Dunno. My comment has nothing to do with France: I am American, a former Amtrak LSA, and I used to work that job a lifetime ago, when the trains were still Metroliners. And I still ride, and (of course, out of curiosity) watch what goes on. Just saying from experience: most riders don't tip. Of course, most riders don't go from DC to Boston! DC to NY, PHL to NY, DC to PHL... many Acela riders aren't on the train for very long. Not much you can do (as an SA) to earn a tip. But, clearly, the other commentators are generous guys, and there is nothing wrong with that! If you have the funds, why not spread them around 



The Davy Crockett said:


> Blue Marble Travel said:
> 
> 
> > Not really. All tips are always appreciated, but, unless something special is done for you (luggage porterage, a wake-up, etc.) there is no need to tip for routine services included in the ticket.
> ...


----------



## Shanghai (Jan 12, 2012)

I tip the attendant $5 on trip from NYP to BOS or WAS.


----------



## amamba (Jan 12, 2012)

MARC Rider said:


> Is it customary to tip the attendant in the First Class car on the Acela Express? If so, how much?


Yes, it is customary to tip. I ride this route fairly often and I generally use my AGR points on upgrade coupons so I can ride FC, as it is hard for me to find the time to go on LD trips.

I normally tip around $5 - $10 between BOS - NYP and BOS - PHL. Last year I did 6 acela roundtrips in FC.

From my casual observations, about 50-66% of the riders do hand a small tip to the attendant when de-training. There are some crews that like to pass out chocolates/mints with a tray with a glass filled with money as they approach NYP & BOS, but I always prefer to physically hand the tip to the attendant when stepping off the train at my destination.


----------



## amamba (Jan 12, 2012)

Blue Marble Travel said:


> Dunno. My comment has nothing to do with France: I am American, a former Amtrak LSA, and I used to work that job a lifetime ago, when the trains were still Metroliners. And I still ride, and (of course, out of curiosity) watch what goes on. Just saying from experience: most riders don't tip. Of course, most riders don't go from DC to Boston! DC to NY, PHL to NY, DC to PHL... many Acela riders aren't on the train for very long. Not much you can do (as an SA) to earn a tip. But, clearly, the other commentators are generous guys, and there is nothing wrong with that! If you have the funds, why not spread them around


There is lots the FC attendants do for their tip! The tip goes up when my bourbon glass remains full. They also serve meals and hand out newspapers. Some crews are better than others, but overall, I have found the FC service to be better than that on my extremely limited LD/sleeper experience.


----------



## jis (Jan 12, 2012)

I normally do not tip the FC attendant on Acelas. Acela is like a plane ride and I don't tip the flight attendant in First Class on flights either, in the US or anywhere else in the world.

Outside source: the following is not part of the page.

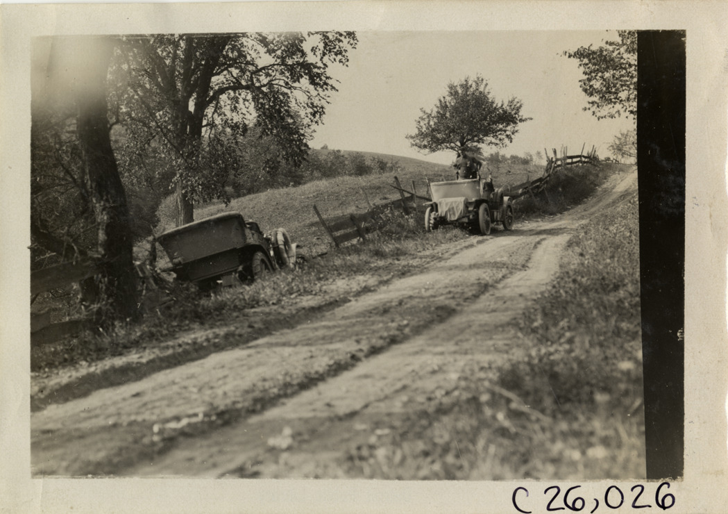 Automobile in ditch on roadside, 1909 Munsey Reliability Run

OTOH on LD Sleepers I almost always tip the SCA quite handsomely, depending on the services provided of course.


----------



## VentureForth (Jan 12, 2012)

I've never tipped a flight attendant.


----------



## pennyk (Jan 12, 2012)

I tipped on my rt WAS to BOS Acela trip. I was served 2 meals and drinks each way. We had great service.


----------



## benjibear (Jan 12, 2012)

For as much as they get for Acela 1st class, a tip should be optional. If there was exceptional service, a tip would be good but if it is just acceptable service, I probably wouldn't tip. I tipped a red cap in Boston but I felt he did an exceptional job.

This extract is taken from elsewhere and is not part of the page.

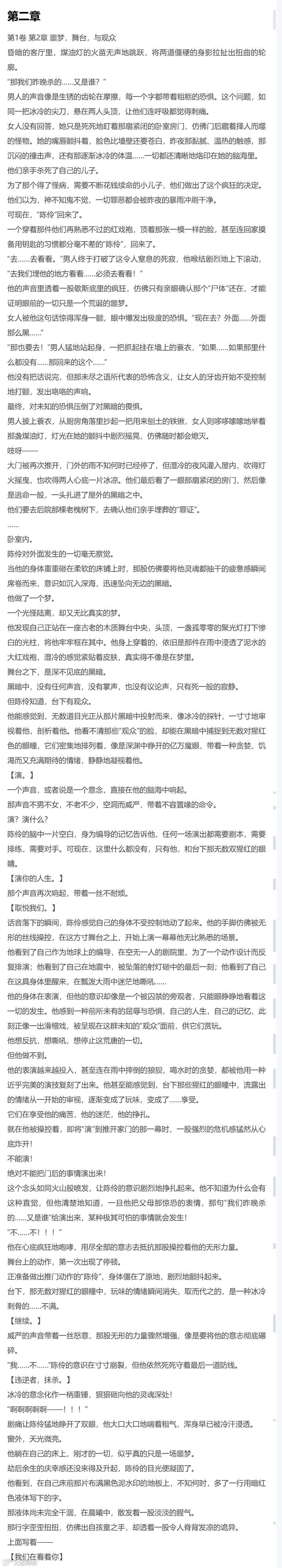 梦境舞台的设定很惊艳。这不是一个简单的噩梦,而是一个规则明确的里世界。“观众”,“表演”,“取悦我们”这些关键词,把主角变成了一场被强制观赏的戏剧,让读者能带入到这种恐怖氛围中。

I guess I am not big on tipping in general. I don't feel obligated to tip 15% at a restaurant no matter what the service was like.


----------



## AlanB (Jan 12, 2012)

benjibear said:


> I guess I am not big on tipping in general. I don't feel obligated to tip 15% at a restaurant no matter what the service was like.


You do realize that waiter/waitresses rely on tips for easily half their salary? Most restaurants pay far below the minimum wage set by the Fed, because the waiter/waitress earns money via their tips.


----------



## AlanB (Jan 12, 2012)

I generally tip something in First Class, but it does depend heavily on the service; and there have been times where I didn't tip at all. I've even told one attendant that they only reason that I gave a tip was because of them, because their partner didn't earn it. Yes, I know that they still split the tip. But I hope that at least it encourages the good one to stay good by doing that.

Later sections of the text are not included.